Le Monde nous appartient consacre l’audace et le style d’un réalisateur créatif en diable. Une nouvelle voix s’ajoute au (beau) concert du cinéma made in Belgium.

Stephan Streker est un passionné. De boxe (il a consacré à ce sport un court métrage remarqué, Shadow Boxing), du football (ses commentaires éclairés sur une chaîne pour abonnés ont fait forte impression), et surtout d’un 7e art qu’il a d’abord fréquenté dans la peau du critique partageant ses enthousiasmes sur papier tout en ayant le bonheur d’approcher ses idoles, les deux principales ayant pour nom Mann (Michael) et De Palma (Brian). Nourri au meilleur cinéma américain, Streker a logiquement fait ses grands débuts dans le long métrage… à Hollywood. Pas en invité de quelque studio avide de talent européen, mais sur les traces d’un jeune Belge rêvant de gloire et se heurtant à la réalité sans perdre son enthousiasme naïf, touchant, intègre. Michael Goldberg, interprète de Michael Blanco, est le producteur et le complice de Stephan Streker.

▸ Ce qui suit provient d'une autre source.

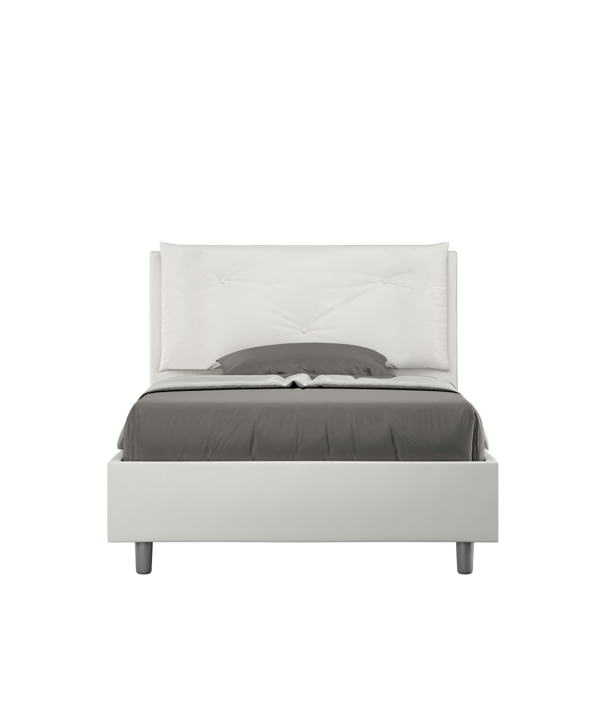Letto una piazza e mezza 120x210 Appia Large con testata e giroletto imbottiti, rivestimento in similpelle, particolarmente versatile e facilmente abbinabile a qualsiasi stile di arredamento.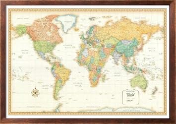 Framed Art Vintage World Map Print Brown Walnut Finish 24x36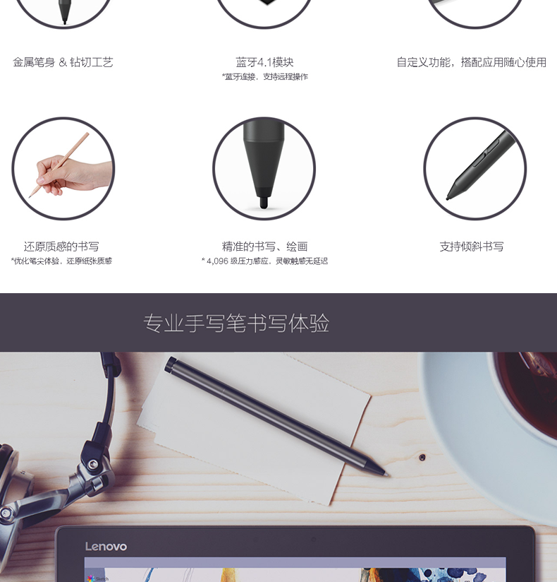 Lenovo original stylus YOGA720 730 C740 920 notebook drawing pen MIIX510/520 tablet writing and drawing 4096 pressure-sensitive active stylus magnetic metal stylus (with Bluetooth) gray black X1 YOGA/X1 Hermit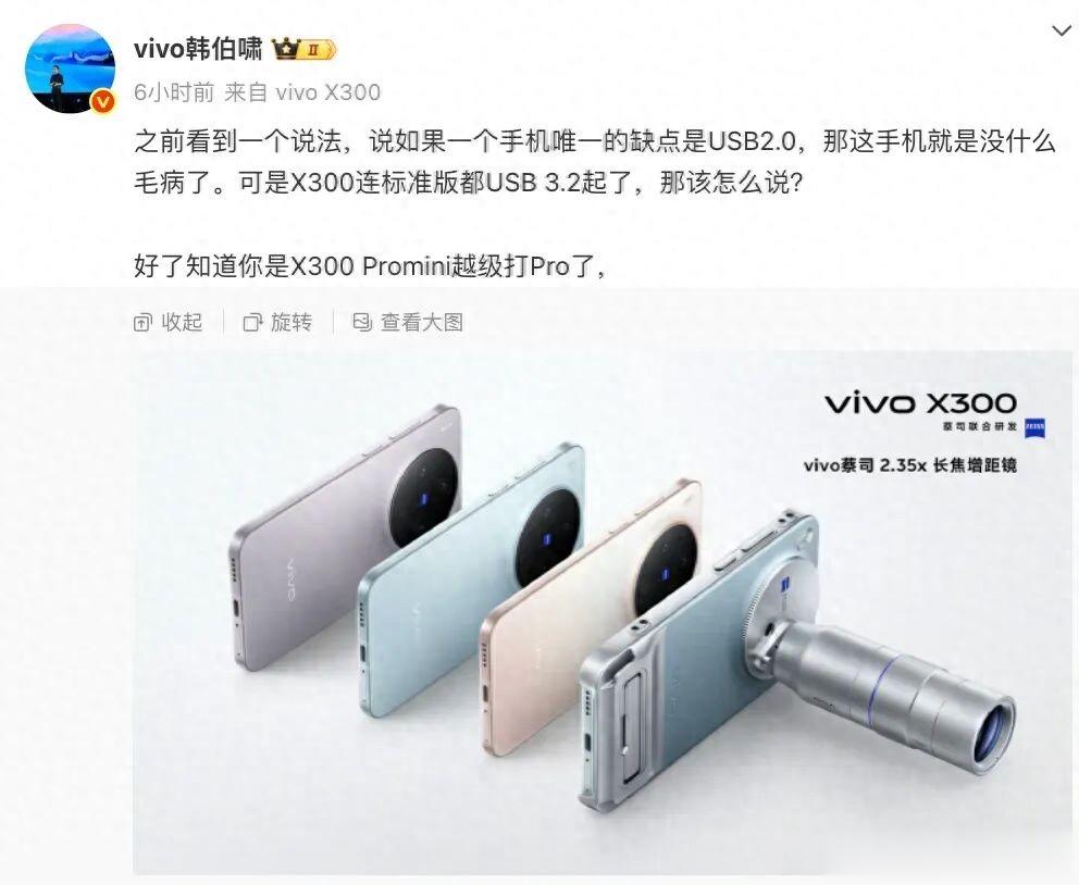 今天,vivo通信科技有限公司产品经理韩伯啸在最新的预热中提到,“之前看到一个说法,说如果一个手机唯一的缺点是USB2.0,那这手机就是没什么毛病了。可是X300连标准版都USB 3.2起了,那该怎么说?好了知道你是X300 Pro mini越级打Pro了”。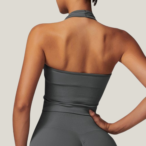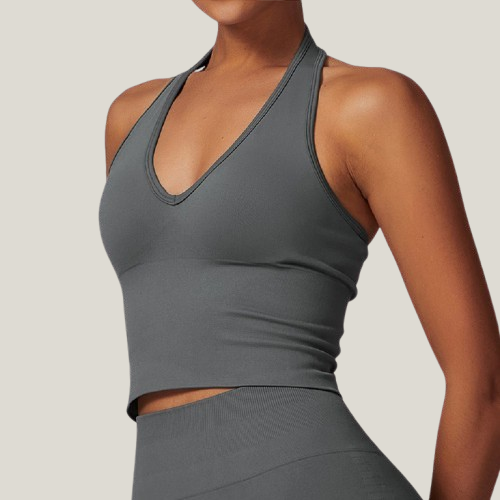טופ חלק מבד מחטב עבה, המחמיא לאזור הבטן עם פסי סיליקון מונעי החלקה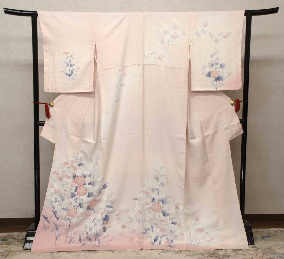 - ☆訪問着☆薄い桃色 アザミや椿などの花文 正絹 裄65cm 大きめ☆未使用☆残布付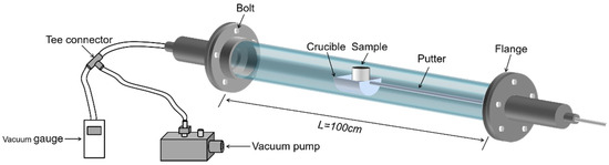 This experimental study focuses on the effect of heating temperature and temperature gradient on lithium metal vapor and the condensation law of Al-Li alloy metal vapor. The raw material, produced by Shanghai Binlian Industrial Co., Ltd. (Shanghai, China), used in the lithium vapor condensation experiment consisted of 99.9% lithium particles; its chemical composition (mass percentage) is shown in Table 2. The Al-Li alloy, obtained by reducing LiAlO2 with coking coal under vacuum conditions and condensing with aluminum liquid, was used as the raw material for this experiment. The composition of the Al-Li alloy was 7.87 % of lithium in aluminum. The experimental equipment was a vacuum grading condensing furnace with a controllable multi-temperature zone, as shown in Figure 2. The reactor consisted of three units: a heater, a catheter, and a condenser. The furnace had five heating zones and six insulation zones from left to right. The length of the heating zone was 12 cm, and there was a 6 cm heat insulation zone between each adjacent heating zone. Figure 3 shows the furnace temperature distribution, where the insulation was fixed and the heating zone temperature could be controlled and changed as needed. The sample was placed in the crucible and pushed into a quartz tube lined with a layer of graphite paper. A vacuum pump was used to evacuate the air in the system. The sample was placed in a crucible and inserted into a quartz tube. The heating rate was maintained at 8–10 K/min. After the experiment, the system was cooled to room temperature. The condensation products were then removed from the condenser for analysis.

Il fut son allié précieux pour faire du Monde nous appartient une réalité. Et une réussite applaudie au Festival de Montréal avant de l’être à celui de Gand. Un drame intimiste (très très librement inspiré d’un fait divers, le meurtre du jeune Jo Van Holsbeeck) mené à la manière d’un thriller à suspense. Un rêve réalisé avec l’apport musical d’un Ozark Henry lui aussi au sommet de son art…

Comment est né le projet du Monde nous appartient?

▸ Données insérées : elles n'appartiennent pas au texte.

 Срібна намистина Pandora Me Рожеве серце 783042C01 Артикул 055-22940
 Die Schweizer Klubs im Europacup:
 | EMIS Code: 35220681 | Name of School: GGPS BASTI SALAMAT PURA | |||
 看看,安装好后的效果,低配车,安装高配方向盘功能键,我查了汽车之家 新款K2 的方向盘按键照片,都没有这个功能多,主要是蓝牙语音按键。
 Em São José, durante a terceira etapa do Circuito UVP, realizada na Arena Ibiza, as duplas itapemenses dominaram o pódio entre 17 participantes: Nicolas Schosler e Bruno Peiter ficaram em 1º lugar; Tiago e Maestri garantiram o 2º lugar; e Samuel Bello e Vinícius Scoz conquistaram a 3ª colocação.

J’ai voulu écrire un film centré sur deux personnages qu’unit un destin tragique. Ce qui m’intéressait, c’était d’être le plus près possible de ces deux gamins dont on apprend qu’ils sont liés par quelque chose de terrible puisque l’un des deux va mourir, et que l’autre sera responsable de cette mort absurde. Je voulais montrer les deux, le coupable et la victime, avec autant d’amour pour l’un que pour l’autre…

Un fait divers particulièrement choquant avait déclenché votre réflexion sur le sujet…

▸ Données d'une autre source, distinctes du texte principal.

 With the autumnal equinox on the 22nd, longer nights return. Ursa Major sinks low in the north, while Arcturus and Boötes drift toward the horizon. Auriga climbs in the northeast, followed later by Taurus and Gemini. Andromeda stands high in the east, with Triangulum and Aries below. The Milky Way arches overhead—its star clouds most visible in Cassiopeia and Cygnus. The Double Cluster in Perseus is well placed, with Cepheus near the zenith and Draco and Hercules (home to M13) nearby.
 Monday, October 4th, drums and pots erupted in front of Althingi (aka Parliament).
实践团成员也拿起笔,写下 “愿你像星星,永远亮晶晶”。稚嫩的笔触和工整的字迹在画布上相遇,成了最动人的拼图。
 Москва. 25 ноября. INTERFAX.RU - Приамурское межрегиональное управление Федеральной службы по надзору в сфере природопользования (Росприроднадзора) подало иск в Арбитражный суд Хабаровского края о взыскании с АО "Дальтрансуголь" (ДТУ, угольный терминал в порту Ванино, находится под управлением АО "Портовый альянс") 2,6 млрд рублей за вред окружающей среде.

Oui. Je me suis du coup posé la question de la position de l’artiste par rapport au fait divers, et au risque du voyeurisme, la tentation qu’il y a à se rassurer en voyant quelque chose de particulièrement horrible qui ne nous appartient pas, qui nous renvoie toujours à notre propre impuissance. Un fait divers, c’est quelque chose de généralement très pénible et d’affreux mais vis-à-vis duquel on ne peut plus rien faire. C’est assez anxiogène. Mais je pense qu’un artiste peut poser un regard, un point de vue. Et je voulais le faire de la façon la plus cinématographique, la plus artistique possible.

Et sans poser de jugement?

Je pense que ce n’est pas à l’artiste de juger. Il n’a pas à se substituer au spectateur…

Revenons à cette ambition de la forme, du style, qui est si présente chez vous…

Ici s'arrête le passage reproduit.